Materials and methods

Patients were sedated, intubated, mechanically ventilated, and hemodynamically monitored with the PiCCO system. Tissue oxygen saturation (StO2) was measured using near-infrared spectroscopy (NIRS) during the vascular occlusion test (VOT). Baseline StO2 (StO2 baseline), rate of decrease in StO2 during VOT (StO2 downslope), and rate of increase in StO2 during the reperfusion phase were (StO2 upslope) determined. Data were collected before (T0), during (24 hours (T1a), 48 hours (T1b), 72 hours (T1c) and 96 hours (T1d)) and 6 hours after stopping rh-aPC treatment (T2) and at the same times in the controls. At every assessment, hemodynamic and metabolic parameters were registered and the SOFA score calculated.

Results

The mean ± standard deviation Acute Physiology and Chronic Health Evaluation II score was 26.3 ± 6.6 and 28.6 ± 5.3 in rh-aPC and control groups, respectively. There were no significant differences in macrohemodynamic parameters between the groups at all the time points. In the rh-aPC group, base excess was corrected (P < 0.01) from T1a until T2, and blood lactate was significantly decreased at T1d and T2 (2.8 ± 1.3 vs. 1.9 ± 0.7 mmol/l; P < 0.05). In the control group, base excess was significantly corrected at T1a, T1b, T1c, and T2 (P < 0.05). The SOFA score was significantly lower in the rh-aPC group compared with the controls at T2 (7.9 ± 2.2 vs. 12.2 ± 3.2; P < 0.05). There were no differences between groups in StO2 baseline. StO2 downslope in the rh-aPC group decreased significantly at all the time points, and at T1b and T2 (-16.5 ± 11.8 vs. -8.1 ± 2.4%/minute) was significantly steeper than in the control group. StO2 upslope increased and was higher than in the control group at T1c, T1d and T2 (101.1 ± 62.1 vs. 54.5 ± 23.8%/minute) (P < 0.05).

Conclusions

Treatment with rh-aPC may improve muscle oxygenation (StO2 baseline) and reperfusion (StO2 upslope) and, furthermore, rh-aPC treatment may increase tissue metabolism (StO2 downslope). NIRS is a simple, real-time, non-invasive technique that could be used to monitor the effects of rh-aPC therapy at microcirculatory level in septic patients.

Introduction

During sepsis, the microcirculatory and mitochondrial dysfunction plays a key role in the development of severe sepsis, septic shock, and multiple organ failure [1]. This condition is characterized by microcirculatory perfusion heterogeneity, arteriovenous shunting, and impaired autoregulation mainly due to disturbed coagulation, inflammation, and leukocyte-endothelium interaction [13]. It is now well established in septic patients that restoring basic macrohemodynamic parameters, such as blood pressure, in itself does not lead to improved patient outcome, and that normalization of microcirculatory and mitochondrial function may be necessary as an endpoint [2, 4].

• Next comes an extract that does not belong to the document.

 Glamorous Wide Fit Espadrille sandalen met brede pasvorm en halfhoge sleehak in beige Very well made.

To this end, recombinant activated protein C (rh-aPC) has been used to restore the coagulative cascade, the inflammatory response, leukocyte adhesion and migration, and endothelial function. In previous studies, rh-aPC has been shown to decrease end-organ dysfunction and mortality if administered in the early stages of sepsis [57].

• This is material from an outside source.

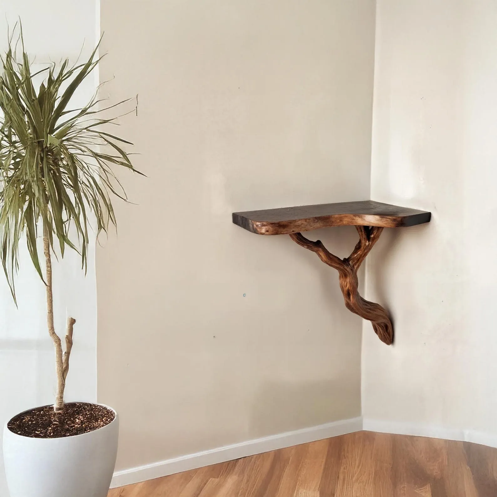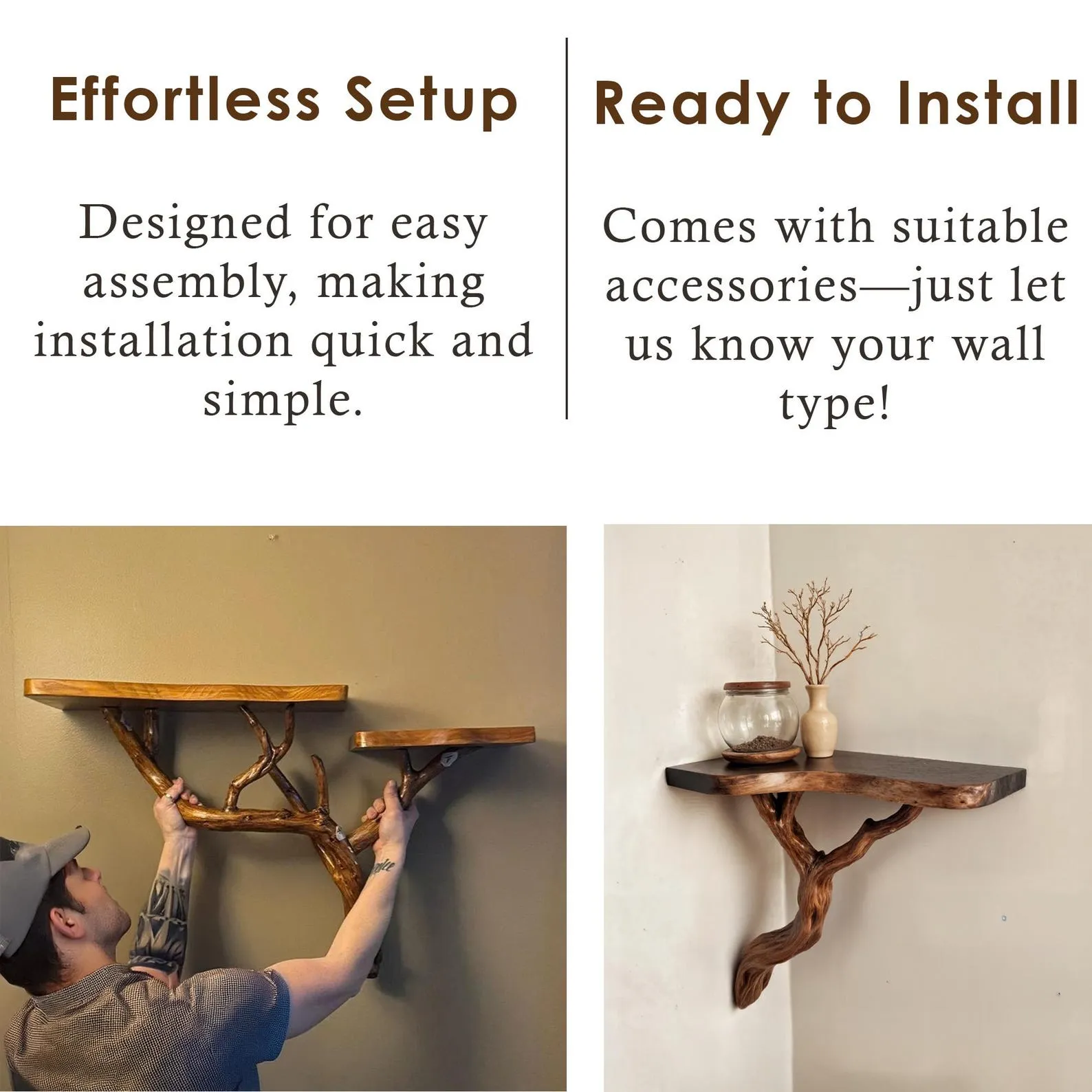 Corner floating shelf natural solid wood bookshelf art tree driftwood branch bookshelves unique wall mount handmade furniture home decor

Near-infrared spectroscopy (NIRS) is a rapid, continuous, and non-invasive monitoring system of hemoglobin oxygen saturation in muscle and the brain, and has been used to assess the presence and extent of both circulatory and metabolic disorders in intensive care patients and trauma patients [8, 9]. The monitoring system uses near-infrared light (680 to 800 nm) to illuminate tissue, which is mainly absorbed by hemoglobin and myoglobin [10]. Due to the selected wavelength range and the high corresponding spectral absorbance by (de)oxyhemoglobin, the NIRS measurements are confined to vessels with a diameter <500 μm.

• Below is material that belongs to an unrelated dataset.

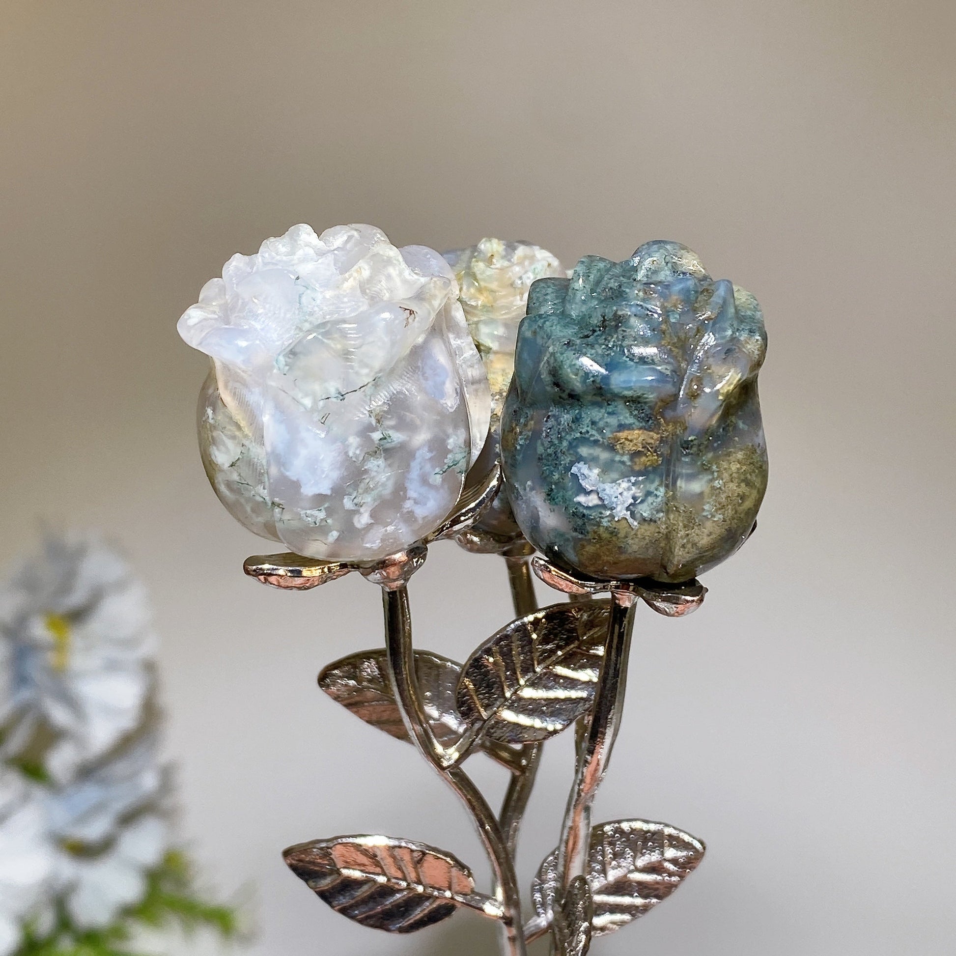 Crystal Flower Carving with Silver Color Metal Stem Crystal Healing Bulk Wholesale

Using NIRS, oxyhemoglobin can be distinguished from deoxyhemoglobin because of their differing optical absorption spectra. The ratio of oxyhemoglobin concentration to deoxyhemoglobin concentration is used to calculate a parameter called tissue oxygen saturation (StO2), describing the oxygenation of the microvasculature in a certain volume of (muscular) tissue. In addition to steady-state StO2 values, NIRS can be used in combination with a vascular occlusion test (VOT), which consists of a baseline phase, an ischemia phase, a reperfusion phase, and a reactive hyperemia phase. Using this methodology in many studies of sepsis, it has been demonstrated in a variety of ways that, following a brief period of ischemia, there is an anomalous tissue reperfusion profile due to disturbed microcirculatory functioning [11, 12].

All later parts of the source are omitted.